Bijection between $[0,1)$ and the space of binary sequences

Question

My question deals with the problem of showing that the set $$ \Omega = \{ \omega \colon \omega =(a_1,a_2, \ldots ), a_i =0,1\} $$ has the same cardinality as the interval $[0,1)$. In a textbook I read the following explanation:

It is well known that every number $a \in [0,1)$ has a unique binary expansion (containing an infinite number of zeros) $$ a = \frac{a_1}{2} + \frac{a_2}{2^2} + \ldots \qquad (a_i=0,1). $$ Hence it is clear that there is a one-to-one correspondence between the points $\omega \in \Omega$ and the points $a$ of the set $[0,1)$, and therefore $\Omega$ has the cardinality of the continuum.

Now I have two questions:

• What is meant with "containing an infinite number of zeros"?
• The discussions in Set of points of $[0,1)$ that have a unique binary expansion and Cardinality: Set of all binary sequence equal c show that binary expansion is usually not unique. So I am a bit surprised, as I did not expect such a mistake in this text. Did I understand that incorrectly or is there a natural way to make the binary expansion unique for all numbers in $[0,1)$?

Answer 1

You are correct that there is a mistake in the text, though you are not quite correct about what the mistake is. By "containing an infinite number of zeros", they mean that when you have a number whose binary expansion is not unique, you should choose the one which has infinitely many $0$s (it will have one expansion ending in all $0$s, and one expansion ending in all $1$s; choose the first one). So this does give a well-defined function $f:[0,1)\to\Omega$.

However, because of the non-uniqueness of binary expansions, this function is not a bijection (contrary to what the text claims)! It is injective, but it is not surjective. After all, by construction, for every $a\in [0,1)$, the sequence $f(a)$ has infinitely many $0$s. So any sequence that has only finitely many $0$s will not be in the image of $f$.

Answer 2

At first glance, it seems to me like the fact that we are limiting ourselves to binary sequences containing infinite zeroes means that we are guaranteed uniqueness.

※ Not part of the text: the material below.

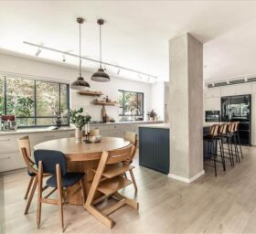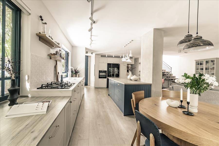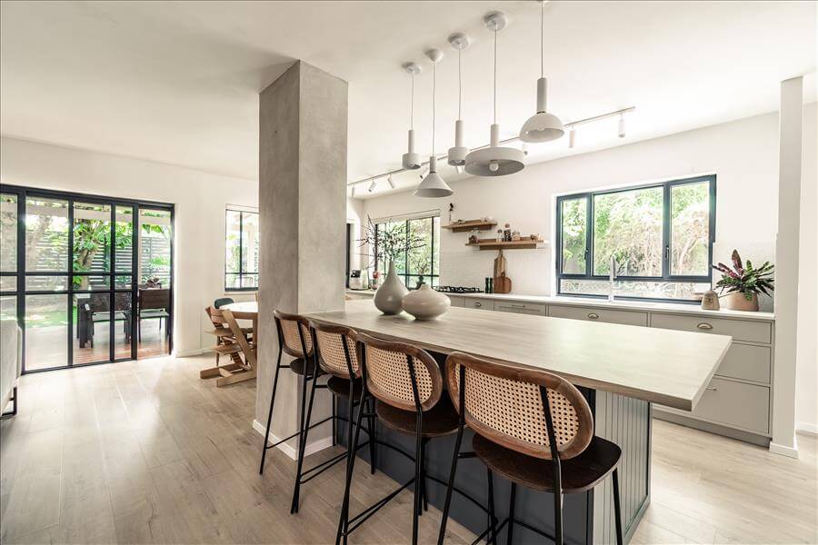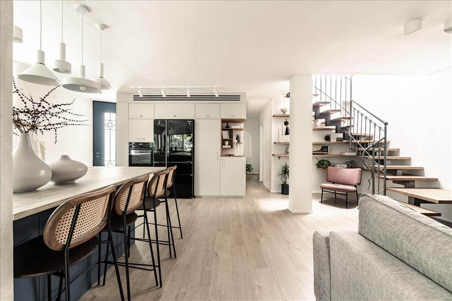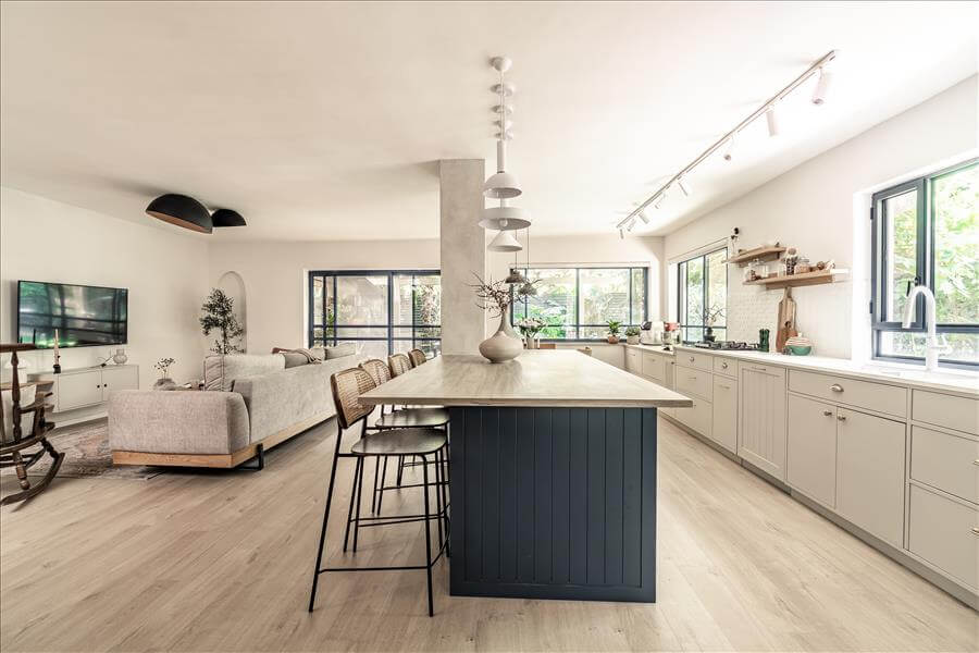 זה התחיל מבית שנראה קטן חשוך וקצת עצוב עם מטבח קטן ויותר מידי קירות ומחיצות ונגמר בחלל מרכזי פתוח מואר ומפנק, לבעלת הבית עסק של אוכל, לכן היה צורך במטבח ענק אבל היא גם התעקשה לשמור על מיקומו המקורי לכן הוחלט לפצל את המטבח להעמיד את הארונות הגבוהים בצד הסלון, ולהוסיף עוד הרבה שטחי איחסון.

In base 10, non uniqueness basically comes from the fact that $0.9999\ldots = 1$. Similarly in binary, non uniqueness comes from the fact that $0.111\ldots = 1$ (as an exercise, prove this using the $a_i$ expansion formula in your question). However, if we assert that there are infinitely many zeroes in our sequence, it means that the tail of the sequence cannot consist only of ones (why?). This in turn guarantees that our binary expansions are unique.

Answer 3

An infinite number of zeros means that in the expansion $$a=\frac{a_1}{2}+\frac{a_2}{4}+...,$$ infinitely many of the numbers $a_i$ are zero. The reason we need this is because otherwise, as you say, the binary expansion is not unique. An example of this is $1/2=0+1/4+1/8+....$

This function is not a bijection, merely an injection. Its image is the set of all binary sequences with an infinite number of zeros. So perhaps this function is a step in the invocation of the Schroder Bernstein Theorem?